Western blot analysis
After washing cells twice with PBS, whole cell lysates were extracted in M-PER mammalian protein extraction reagent (Thermo Scientific, Rockford, IL) by centrifugation (12000 g × 15 min, 4°C), and the protein concentration was determined using Bicinchoninic Acid (BCA) Kit (Sigma). Total protein (40–80 μg) was separated by electrophoresis on 10–12% SDS-polyacrylamide gels, and transferred to Immobilon®-P PVDF transfer membrane (Millipore, Bedford, MA). After immunoblotting, proteins were visualized using a PowerOpti-ECL Western blotting detection reagent (Animal Gentetics, Inc. Korea) and an ImageQuant LAS 4000 mini (GE Healthcare, Piscataway, NJ). Equal amount of proteins was analyzed by Western blotting using tubulin as a loading control and band intensities were quantified using ImageJ software (National Institutes of Health, USA).

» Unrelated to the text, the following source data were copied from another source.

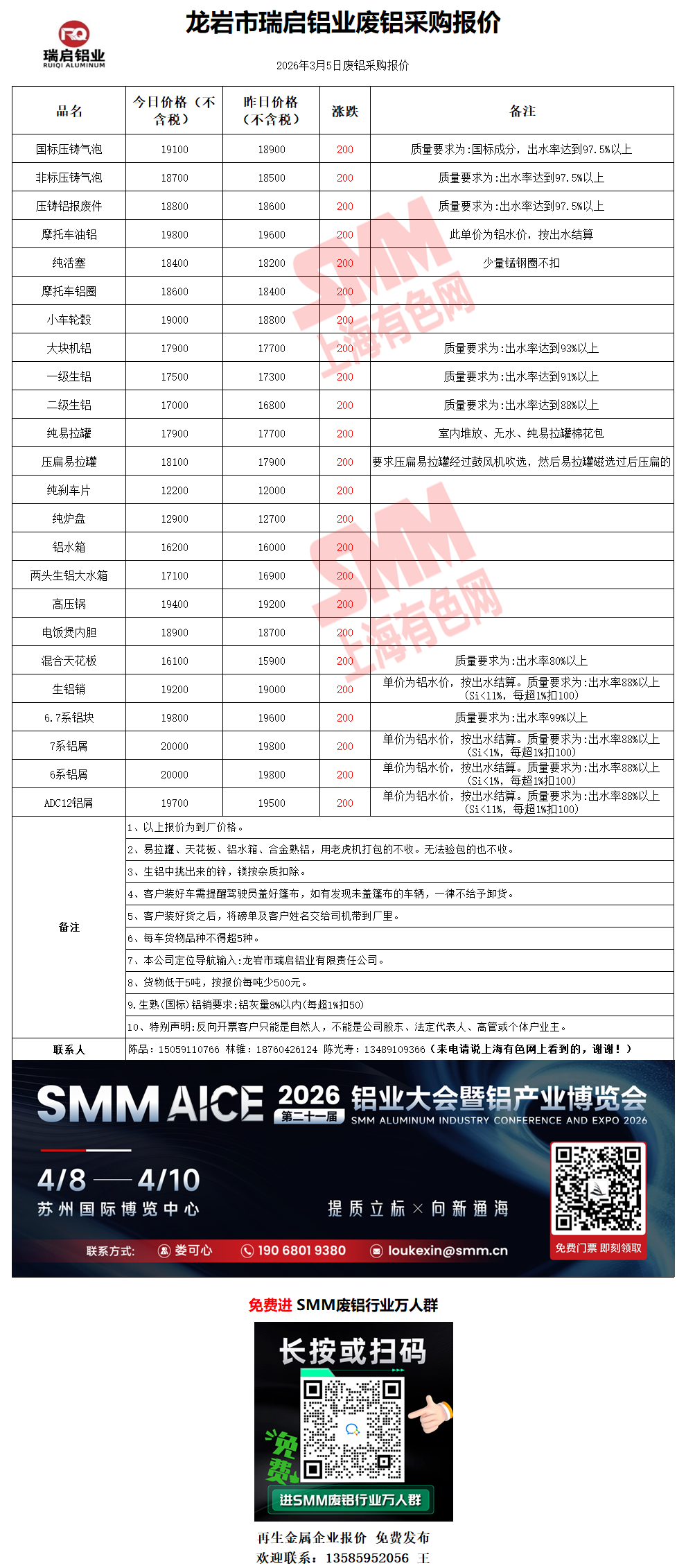 3月5日龙岩瑞启 废铝采购报价
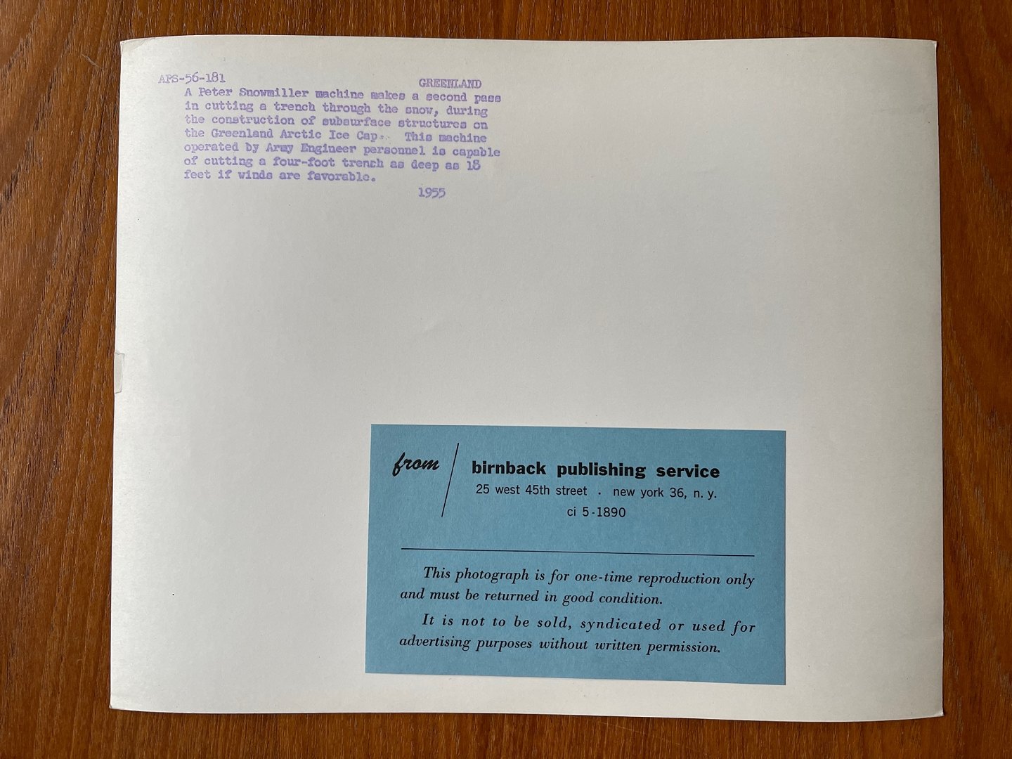 "A Peter Snowmiller machine makes a second pass in cutting a trench through the snow, during the construction of subsurface structures n the Greenland Arctic Ice Cap. This machine operated by Army Engineer personnel is capable of cutting a four-foot trench as deep as 18 feet if winds are favorable. 1955."
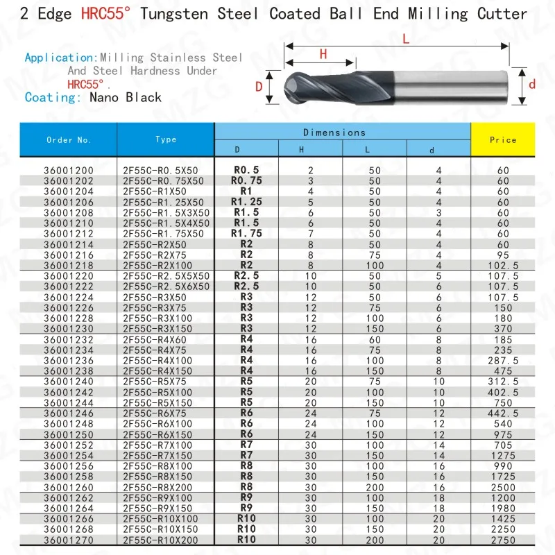 Концевая фреза MZG HRC55, фреза из вольфрамовой стали с 2 фрезами, 1 мм, 2 мм, 3 мм, 4 мм, 5 мм
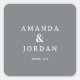 This wedding sticker features a minimalist and elegant design with a solid gray background, creating a sophisticated look. The clean, modern sans-serif typography highlights the names "Amanda & Jordan" in all caps, centered for balance, while the phrase "thank you" adds a touch of gratitude below. The ample negative space enhances readability and contributes to an airy feel, making it perfect for expressing appreciation at your special event. Ideal for weddings or formal occasions, this sticker combines understated style with a professional yet warm atmosphere.
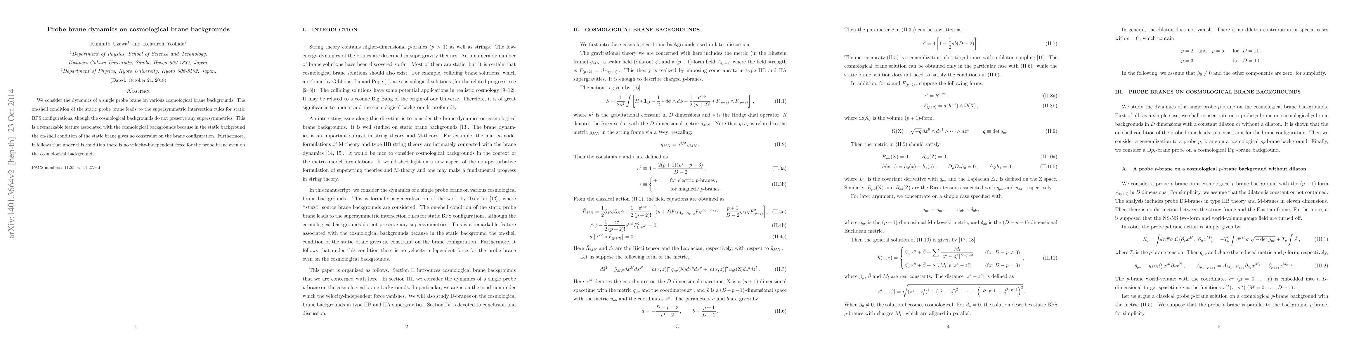 We consider the dynamics of a single probe brane on various cosmological brane backgrounds. The on-shell condition of the static probe brane leads to the supersymmetric intersection rules for static BPS configurations, though the cosmological backgrounds do not preserve any supersymmetries. This is a remarkable feature associated with the cosmological backgrounds because in the static background the on-shell condition of the static brane gives no constraint on the brane configuration. Furthermore, it follows that under this condition there is no velocity-independent force for the probe brane even on the cosmological backgrounds.
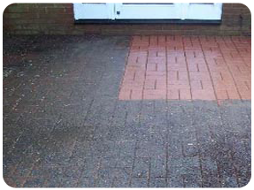 The picture on the right shows a block paved patio that apart from being an eyesore also presented a hazard. This 50/50 shot shows the cleaned part where the grime and slippery surface has been removed.
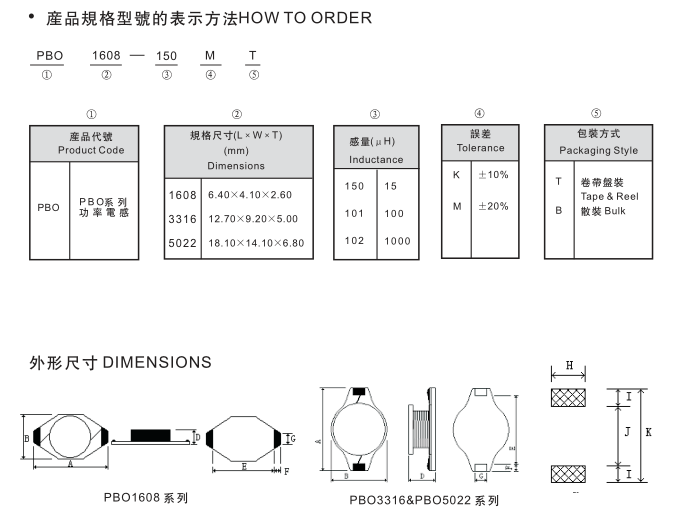PBO系列功率電感特征:
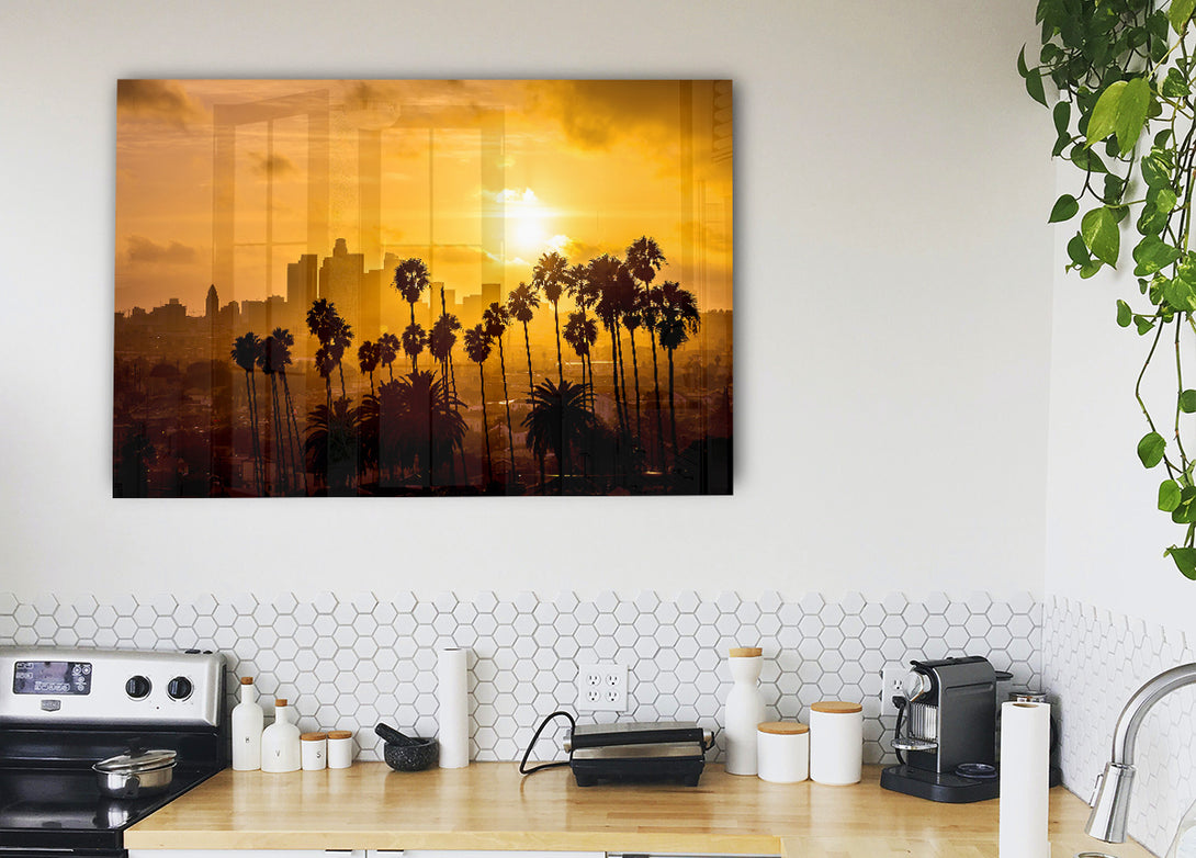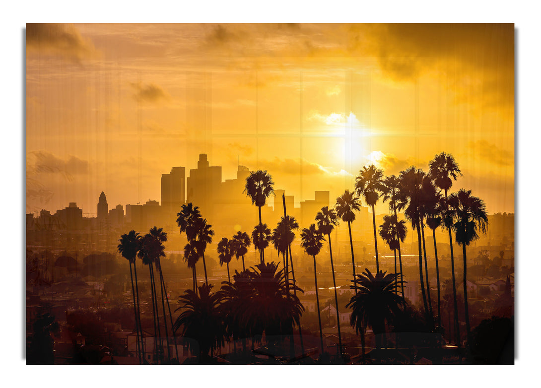 Acryldruck „Palm Tree City“, UV-gedruckt auf 5 mm dickes Acrylglas. Wird mit allem geliefert, was Sie zum Aufhängen an die Wand brauchen.

Preparation of standard solutions and SHT and analytical chromatic conditions
For the qualitative analysis, 10 standard compounds, paeoniflorin, liquiritin, nodakenin, benzoic acid, nodakenetin, decursinol, cinnamyl alcohol, cinnam aldehyde, decursin, and decursinal angelate, were prepared by dissolving in 100% methanol as described previously . Analytical SHT sample was prepared by dissolving powder in 100% H2O at a concentration of 40 mg/mL followed by filtration through a 0.45 μm filter. The main components profile of SHT was analyzed at the 254 nm UV wavelength using the Elite Lachrom HPLC system (Hitachi High-Technologies Co., Tokyo, Japan) consisting of pump (L-2130), auto-sampler (L-2200), column oven (L-2350), and diode array UV/VIS detector (L-2455). System control and data analyses were executed by EZchrom Elite software (verson 3.3.1a) system. The chromatographic separation was conducted with RS-tech C18 column (Optimapak C18, 4.6 × 250 mm, 5 μm, Daejeon, Korea) at 40°C and the injection volume was 10 μl. The mobile phase was a gradient elution of 1% acetic acid and acetonitrile at a flow rate of 1 ml/min, commencing with 5% acetonitrile for 5 min, linear gradient to 100% acetonitrile was applied over 70 min, and then maintained at 100% for 10 min.
Data are presented as the mean ± SD values of at least 3 independent experiments, unless otherwise specified. Statistical significance was analyzed by the two-tailed student’s t-test in Sigma Plot 8.0 software (SPSS Inc., Chicago, IL) and a P value of less than 0.05 was considered statistically significant.